* _TASK DIRECTIONS_
Each entry below should be given again exactly; the pictures stay out.

* _Excerpts from a dataset_
====================

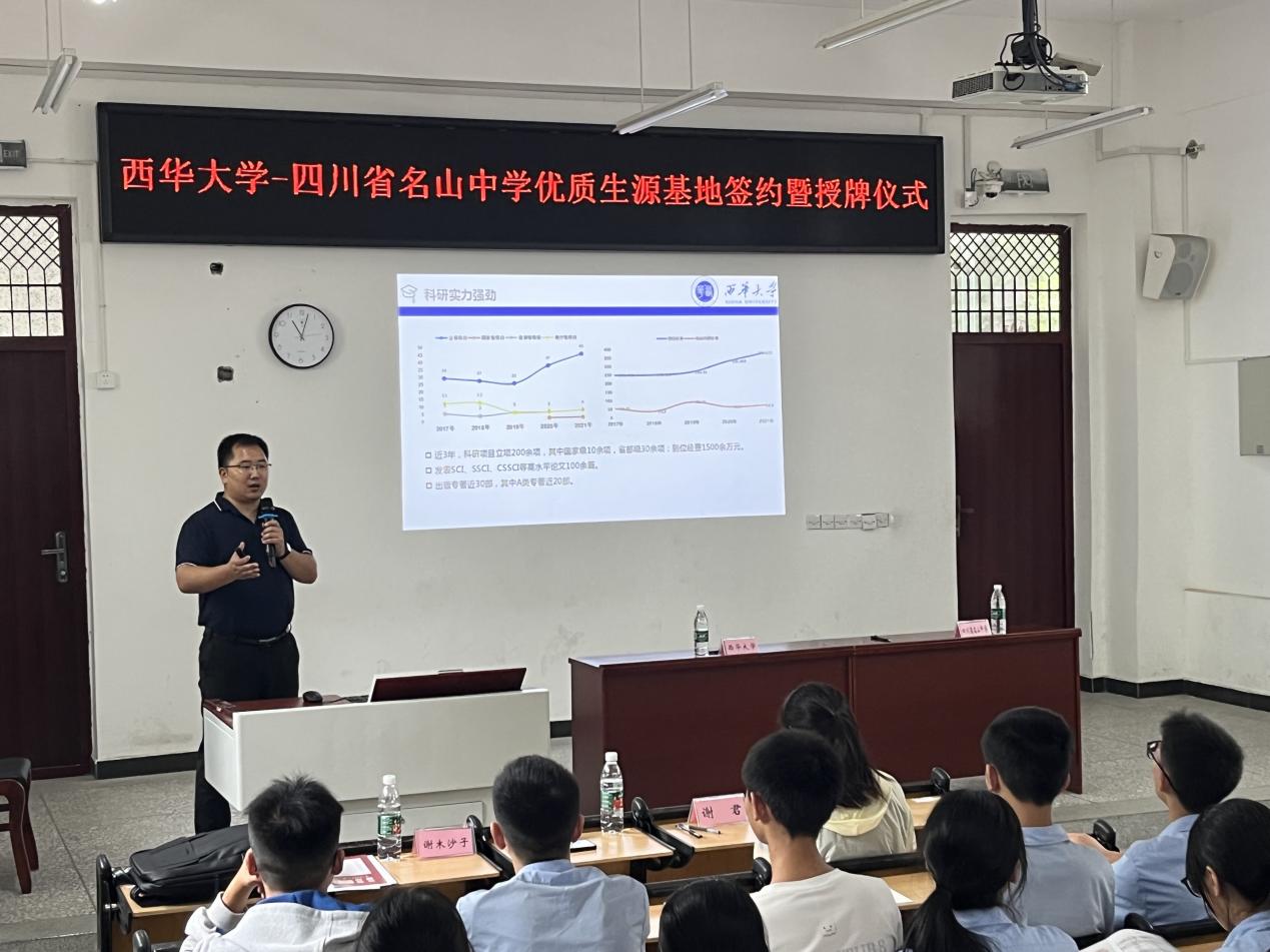 名山中学党委书记、校长李详、文庙校区执行校长张军奎对谢书记一行表示了热烈的欢迎,张校长带领我院一行参观了名山中学,介绍了学校的历史沿革和基本情况。随后,在学校会议室举行了招生宣讲,并举行了“优质生源基地”授牌仪式。学院工商管理系主任丁灿详细地介绍了西华大学的概况和办学优势,也让高中生对我院的专业有了更加直观的了解。讲座过程中,同学们掌声不断,与老师们积极互动,现场氛围良好。
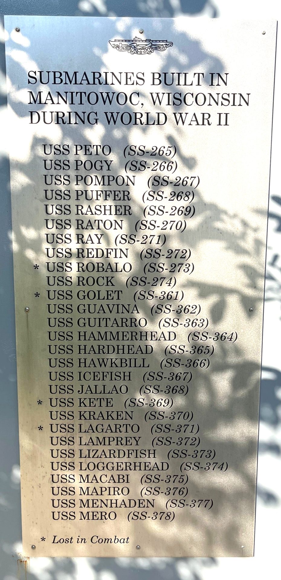 SEE ALSO-MANITOWOC, WISCONSIN WORLD WAR II SUBMARINE VETERANS MEMORIAL PLAQUE FRONT
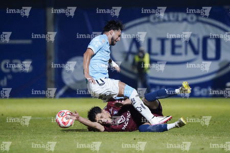 Tepatitlán, Jalisco, 20 de noviembre del 2025. Diego Aguilar y Jesús Escoboza, durante el partido correspondiente a la ida de las Semifinales del torneo Apertura 2025 de la Liga BBVA Expansión MX, entre los Alteños de Tepatitlán FC y la Jaiba Brava del Tampico Madero, realizado en el estadio “Tepa” Gómez. Foto: Imago7/Sebastian Laureano Miranda
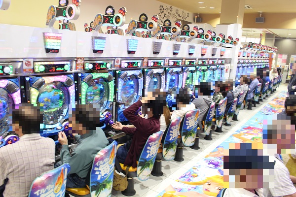 4円パチンココーナーでは、「ぱちんこCR北斗の拳7 転生」や「CRぱちんこ必殺仕事人Ⅴ」、「CRスーパー海物語IN沖縄4」といった人気定番機種は満台。
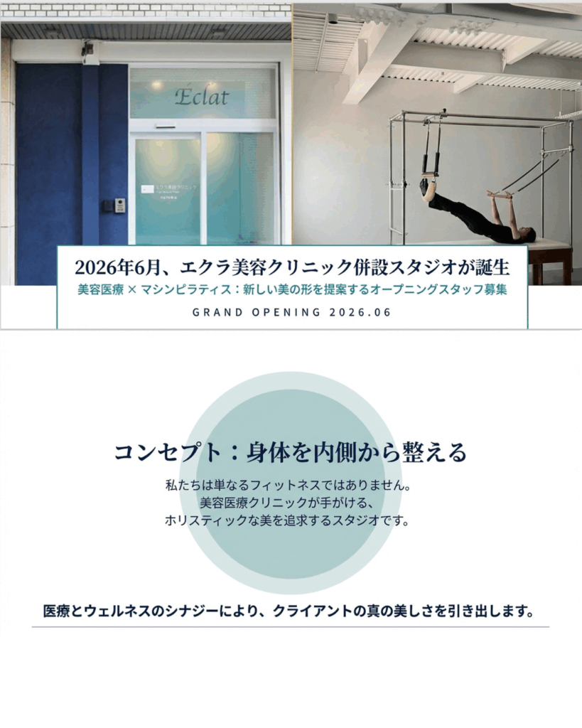 2026年6月、クリニック拡張に伴い「ピラティススタジオ」を併設オープンする予定です。
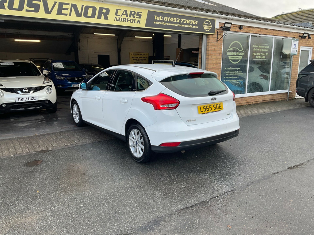For sale is a stylish and efficient 2015 Ford Focus 1.0T EcoBoost Titanium Hatchback with only 50000 miles on the clock. This reliable hatchback runs on petrol and is equipped with a Euro 6 compliant manual transmission producing 125 ps. With MOT valid until 15/01/2027 and ULEZ compliance, this 5-door vehicle comfortably seats 5 passengers and boasts modern features including an 8in touchscreen display, Bluetooth handsfree phone system, and AUX connection. The interior features a convenient centre console and two 12V power sockets for added convenience. Whether for daily commutes or weekend getaways, this Ford Focus offers a smooth ride and impressive fuel economy. Don't miss out on this opportunity to own a dependable and practical hatchback.Buy with confidence at Grosvenor Cars Norfolk all our customers have the added peace of mind that all our vehicles are supplied with a minimum of 8 months mot, sales service, pre delivery inspection & minimum 3 months parts & labour warranty for total peace of mind which can also be extended to 6 or 12 months for a small fee. We deliverer a trusted service from one of the longest standing indoor dealerships in the town with outstanding google reviews.Part exchange welcome & finance available. We offer both PCP and Hire Purchase agreements, please call us for a free quotation or more information. All our vehicles have vast specifications, in most cases, far too much too list, so please always check the vehicles exact specification prior to purchase. We always have at least 30 vehicles in stock to choose from. For more information, please call 01493 738361 or visit our website www.grosvenorcarsnorfolk.co.uk v power socket - front, 8in touchscreen colour display, aux connection, bluetooth handsfree phone system, centre console - additional 12v power socket, colour tft instrument cluster display, emergency assistance, ford am-fm cd audio system, ford dab audio system, ford sync2, rear auxiliary power socket - 12v, sd card reader, speakers - x6, usb connection, 16in alloy wheels - 10 spoke, black headlight bezel, body colour bumpers, body colour exterior mirrors, chrome finish on upper door line, door handles - body colour, door mirrors - electrically operated and heated, door mirrors with integrated indicators, electric windows - front and rear with one touch, electric windows - global opening-closing, front grille - chrome, heated front windscreen, heated washer jets, locking wheel nuts, mini steel spare wheel, rear spoiler - body colour, scuff plates - front - aluminium finish with ford logo, abs - anti-lock braking system, active city stop, airbag - front passenger, airbags - curtain, airbags - curtain rear, airbags - side impact, anti-submarining seat bases, drivers airbag, eba - emergency brake assist, ebd - electronic brakeforce distribution, esp - electronic stability programme, emergency brake warning, ford easy-fuel capless refuelling system, front seat belts with pre-tensioners, hill start assist, ips - intelligent protection system, isofix - child seat attachments, pedals - collapsible, remote central locking, steering column - collapsible, tvc - torque vectoring control, thatcham category 1 alarm, traction control - tc, air conditioning - dual zone electronic automatic temperature control, armrest - folding centre - rear, automatic dimming rear view mirror, automatic rain sensing wipers, floor mats - carpet - front, handbrake cover - leather, height-adjustable mounts on front seat belts, interior door lever - chrome finish, keyless start, mykey, pollen filter, premium centre console, premium centre console - sliding armrest, rear seat - folding centre armrest with 2 integrated cup holders and flip up storage, seats - 60-40 rear split back, seats - drivers height adjustment, seats - drivers lumbar support, seats - front sports, steering column - rake and reach adjustment, steering wheel - 3 spoke - leather trimmed, steering wheel - audio controls, cruise control with adjustable speed limiter, ford eco mode - driver information system, fuel computer, parking sensor - rear, power steering, tyre pressure monitoring system, voice control - audio, front fog lights, headlights - automatic, headlights - halogen
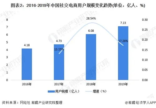 用户是社交电商发展的重要基石。数据显示,近年来,我国社交电商行业的用户规模逐年增长。2019年,社交电商的用户规模达7.13亿人,同比增长17.26%。
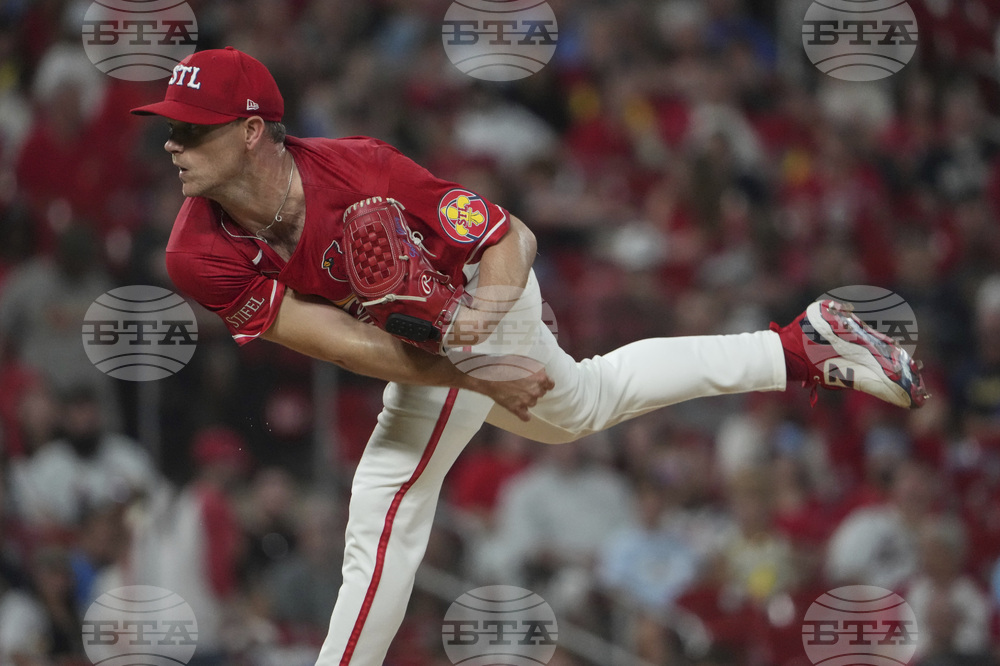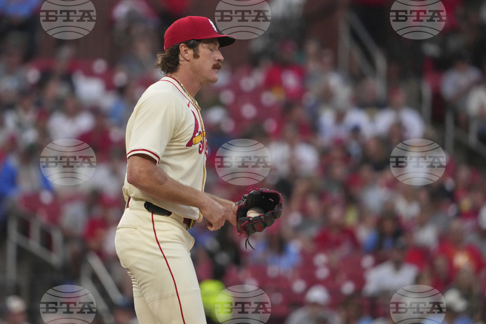 St. Louis Cardinals starting pitcher Miles Mikolas throws during the first inning of a baseball game against the Milwaukee Brewers Saturday, Sept. 20, 2025, in St. Louis. (AP Photo/Jeff Roberson)
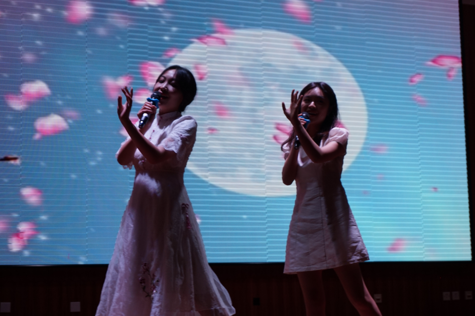 演出的第一篇章——“拾贝”带大家回忆大学四年的点点滴滴。绚丽的色彩、动感的节奏、舞动的身影,节目《Nxde》向我们展现了舞蹈的激情澎湃和舞者的个性张扬。白金硕同学带来的单口相声《那些年,被我追过的女孩》,让我们在一片片欢笑声中回忆起青春年少的悸动。“临行辞别你,欣赏未够;分一碟相思豆,冬至送轻舟”一曲《苏州河》又让大家感受到了离别。
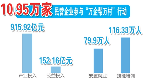 2015年10月,“万企帮万村”行动启动。截至2020年6月底,参与“万企帮万村”精准扶贫行动台账管理的民营企业10.95万家,帮扶12.71万个村;产业投入915.92亿元,公益投入152.16亿元,安置就业79.9万人,技能培训116.33万人。
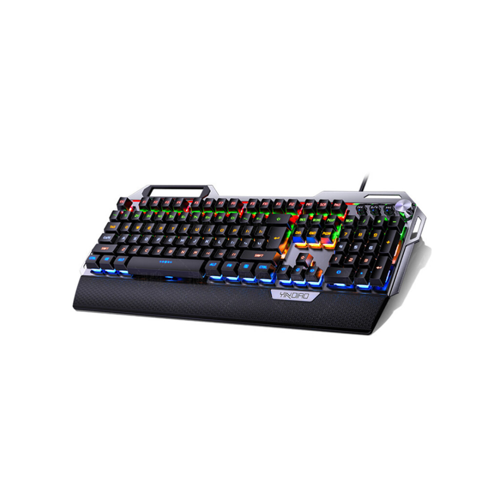 (Black Switch, light effect mode) 104 Keys Mechanical Keyboard RGB Backlit Punk E-sports Gaming Keyboard Absorbable Hand Rest
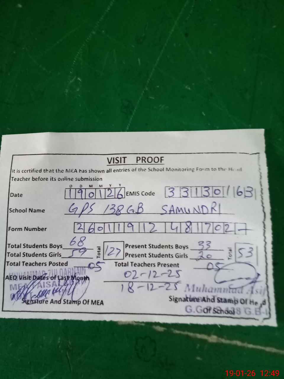 | Attendance Register | Head Teacher | MEA with School | Visit Proof |
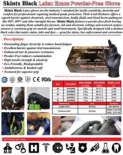Studio : Skintx Publisher : Skintx Binding : Health and Beauty Product Description Skintx BLK90000 Series Latex Medical Grade Examination Gloves are the industry’s standard for tactile sensitivity, dexterity and comfort. Its premium natural rubber latex material provides excellent protection in all risk settings, and has more stretch for greater comfort and fit. These gloves are fully textured ensuring extra protection for wet or dry grip and against slippage. As the prime choice for law enforcement, tattoo and medical professionals worldwide, PSG Skintx natural rubber latex gloves are proven to be an effective barrier protection from blood borne pathogens and microbiologically transmitted diseases. These Powder-Free gloves leave no residue, reducing the risk of contamination compared to a powdered glove, making them suitable for use in electronic components, forensic and laboratory applications. PSG Skintx Latex Gloves meet or exceed ASTM D3578, D6124, D5151, D5172 and F1671 Standards for resistance to penetration by blood borne pathogens protecting healthcare and dental professionals from HIV, HPV and other threats. Manufactured within the quality guidelines of ISO 13485:2003, ISO 9001:2008 and FDA-QSR tested for use with chemotherapy drugs. Available in Natural Cream (Skintx 90000 Series) or Powdered (Skintx 80000 Series). 0
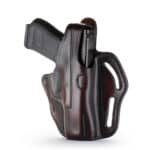 The BHX delivers incredible retention and superior leather and build quality. It also includes 3 belt loops that allow you to carry two distinct positions. The FBI-Cant allows for a quick reaction draw of your weapon and the Back-Cant is intended for quicker pickup of your target, especially useful when sitting or driving. The BHX is a high-end leather design that is molded and contoured for your pistol and accommodates taller Suppressor Sights, yet is comfortable against the body due to the handcrafted premium 100% Certified American, Heavy Native Steerhide leather. This holster’s interior is hand-finished to help protect the bluing of your pistol and includes design enhancements like a reliable Thumb Break, multi-cant positioning options on the belt, double stitching for reinforced life-time enjoyment, and more barrel room for higher front-sights.
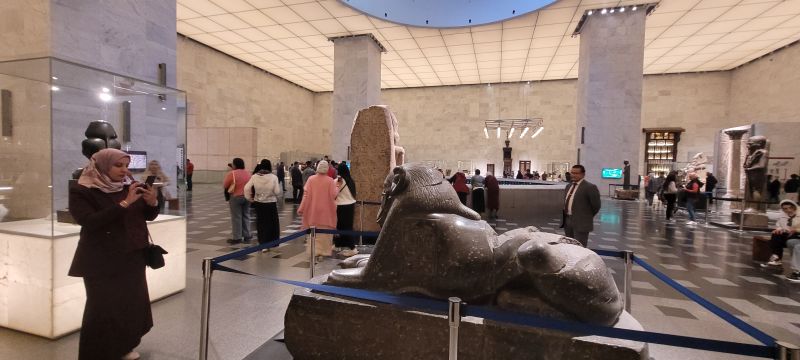 Tal como entramos al inmenso y diáfano espacio nos dirigimos a la derecha para hacer un recorrido en sentido antihorario, desplazándonos por las distintas etapas de la Historia de Egipto.

====================

* _WRITTEN RESPONSE_
 名山中学党委书记、校长李详、文庙校区执行校长张军奎对谢书记一行表示了热烈的欢迎,张校长带领我院一行参观了名山中学,介绍了学校的历史沿革和基本情况。随后,在学校会议室举行了招生宣讲,并举行了“优质生源基地”授牌仪式。学院工商管理系主任丁灿详细地介绍了西华大学的概况和办学优势,也让高中生对我院的专业有了更加直观的了解。讲座过程中,同学们掌声不断,与老师们积极互动,现场氛围良好。
 SEE ALSO-MANITOWOC, WISCONSIN WORLD WAR II SUBMARINE VETERANS MEMORIAL PLAQUE FRONT
 Tepatitlán, Jalisco, 20 de noviembre del 2025. Diego Aguilar y Jesús Escoboza, durante el partido correspondiente a la ida de las Semifinales del torneo Apertura 2025 de la Liga BBVA Expansión MX, entre los Alteños de Tepatitlán FC y la Jaiba Brava del Tampico Madero, realizado en el estadio “Tepa” Gómez. Foto: Imago7/Sebastian Laureano Miranda
 4円パチンココーナーでは、「ぱちんこCR北斗の拳7 転生」や「CRぱちんこ必殺仕事人Ⅴ」、「CRスーパー海物語IN沖縄4」といった人気定番機種は満台。
 2026年6月、クリニック拡張に伴い「ピラティススタジオ」を併設オープンする予定です。
For sale is a stylish and efficient 2015 Ford Focus 1.0T EcoBoost Titanium Hatchback with only 50000 miles on the clock. This reliable hatchback runs on petrol and is equipped with a Euro 6 compliant manual transmission producing 125 ps. With MOT valid until 15/01/2027 and ULEZ compliance, this 5-door vehicle comfortably seats 5 passengers and boasts modern features including an 8in touchscreen display, Bluetooth handsfree phone system, and AUX connection. The interior features a convenient centre console and two 12V power sockets for added convenience. Whether for daily commutes or weekend getaways, this Ford Focus offers a smooth ride and impressive fuel economy. Don't miss out on this opportunity to own a dependable and practical hatchback.Buy with confidence at Grosvenor Cars Norfolk all our customers have the added peace of mind that all our vehicles are supplied with a minimum of 8 months mot, sales service, pre delivery inspection & minimum 3 months parts & labour warranty for total peace of mind which can also be extended to 6 or 12 months for a small fee. We deliverer a trusted service from one of the longest standing indoor dealerships in the town with outstanding google reviews.Part exchange welcome & finance available. We offer both PCP and Hire Purchase agreements, please call us for a free quotation or more information. All our vehicles have vast specifications, in most cases, far too much too list, so please always check the vehicles exact specification prior to purchase. We always have at least 30 vehicles in stock to choose from. For more information, please call 01493 738361 or visit our website www.grosvenorcarsnorfolk.co.uk v power socket - front, 8in touchscreen colour display, aux connection, bluetooth handsfree phone system, centre console - additional 12v power socket, colour tft instrument cluster display, emergency assistance, ford am-fm cd audio system, ford dab audio system, ford sync2, rear auxiliary power socket - 12v, sd card reader, speakers - x6, usb connection, 16in alloy wheels - 10 spoke, black headlight bezel, body colour bumpers, body colour exterior mirrors, chrome finish on upper door line, door handles - body colour, door mirrors - electrically operated and heated, door mirrors with integrated indicators, electric windows - front and rear with one touch, electric windows - global opening-closing, front grille - chrome, heated front windscreen, heated washer jets, locking wheel nuts, mini steel spare wheel, rear spoiler - body colour, scuff plates - front - aluminium finish with ford logo, abs - anti-lock braking system, active city stop, airbag - front passenger, airbags - curtain, airbags - curtain rear, airbags - side impact, anti-submarining seat bases, drivers airbag, eba - emergency brake assist, ebd - electronic brakeforce distribution, esp - electronic stability programme, emergency brake warning, ford easy-fuel capless refuelling system, front seat belts with pre-tensioners, hill start assist, ips - intelligent protection system, isofix - child seat attachments, pedals - collapsible, remote central locking, steering column - collapsible, tvc - torque vectoring control, thatcham category 1 alarm, traction control - tc, air conditioning - dual zone electronic automatic temperature control, armrest - folding centre - rear, automatic dimming rear view mirror, automatic rain sensing wipers, floor mats - carpet - front, handbrake cover - leather, height-adjustable mounts on front seat belts, interior door lever - chrome finish, keyless start, mykey, pollen filter, premium centre console, premium centre console - sliding armrest, rear seat - folding centre armrest with 2 integrated cup holders and flip up storage, seats - 60-40 rear split back, seats - drivers height adjustment, seats - drivers lumbar support, seats - front sports, steering column - rake and reach adjustment, steering wheel - 3 spoke - leather trimmed, steering wheel - audio controls, cruise control with adjustable speed limiter, ford eco mode - driver information system, fuel computer, parking sensor - rear, power steering, tyre pressure monitoring system, voice control - audio, front fog lights, headlights - automatic, headlights - halogen
 用户是社交电商发展的重要基石。数据显示,近年来,我国社交电商行业的用户规模逐年增长。2019年,社交电商的用户规模达7.13亿人,同比增长17.26%。
 St. Louis Cardinals starting pitcher Miles Mikolas throws during the first inning of a baseball game against the Milwaukee Brewers Saturday, Sept. 20, 2025, in St. Louis. (AP Photo/Jeff Roberson)
 演出的第一篇章——“拾贝”带大家回忆大学四年的点点滴滴。绚丽的色彩、动感的节奏、舞动的身影,节目《Nxde》向我们展现了舞蹈的激情澎湃和舞者的个性张扬。白金硕同学带来的单口相声《那些年,被我追过的女孩》,让我们在一片片欢笑声中回忆起青春年少的悸动。“临行辞别你,欣赏未够;分一碟相思豆,冬至送轻舟”一曲《苏州河》又让大家感受到了离别。
 2015年10月,“万企帮万村”行动启动。截至2020年6月底,参与“万企帮万村”精准扶贫行动台账管理的民营企业10.95万家,帮扶12.71万个村;产业投入915.92亿元,公益投入152.16亿元,安置就业79.9万人,技能培训116.33万人。
 (Black Switch, light effect mode) 104 Keys Mechanical Keyboard RGB Backlit Punk E-sports Gaming Keyboard Absorbable Hand Rest
 | Attendance Register | Head Teacher | MEA with School | Visit Proof |
Studio : Skintx Publisher : Skintx Binding : Health and Beauty Product Description Skintx BLK90000 Series Latex Medical Grade Examination Gloves are the industry’s standard for tactile sensitivity, dexterity and comfort. Its premium natural rubber latex material provides excellent protection in all risk settings, and has more stretch for greater comfort and fit. These gloves are fully textured ensuring extra protection for wet or dry grip and against slippage. As the prime choice for law enforcement, tattoo and medical professionals worldwide, PSG Skintx natural rubber latex gloves are proven to be an effective barrier protection from blood borne pathogens and microbiologically transmitted diseases. These Powder-Free gloves leave no residue, reducing the risk of contamination compared to a powdered glove, making them suitable for use in electronic components, forensic and laboratory applications. PSG Skintx Latex Gloves meet or exceed ASTM D3578, D6124, D5151, D5172 and F1671 Standards for resistance to penetration by blood borne pathogens protecting healthcare and dental professionals from HIV, HPV and other threats. Manufactured within the quality guidelines of ISO 13485:2003, ISO 9001:2008 and FDA-QSR tested for use with chemotherapy drugs. Available in Natural Cream (Skintx 90000 Series) or Powdered (Skintx 80000 Series). 0
 The BHX delivers incredible retention and superior leather and build quality. It also includes 3 belt loops that allow you to carry two distinct positions. The FBI-Cant allows for a quick reaction draw of your weapon and the Back-Cant is intended for quicker pickup of your target, especially useful when sitting or driving. The BHX is a high-end leather design that is molded and contoured for your pistol and accommodates taller Suppressor Sights, yet is comfortable against the body due to the handcrafted premium 100% Certified American, Heavy Native Steerhide leather. This holster’s interior is hand-finished to help protect the bluing of your pistol and includes design enhancements like a reliable Thumb Break, multi-cant positioning options on the belt, double stitching for reinforced life-time enjoyment, and more barrel room for higher front-sights.
 Tal como entramos al inmenso y diáfano espacio nos dirigimos a la derecha para hacer un recorrido en sentido antihorario, desplazándonos por las distintas etapas de la Historia de Egipto.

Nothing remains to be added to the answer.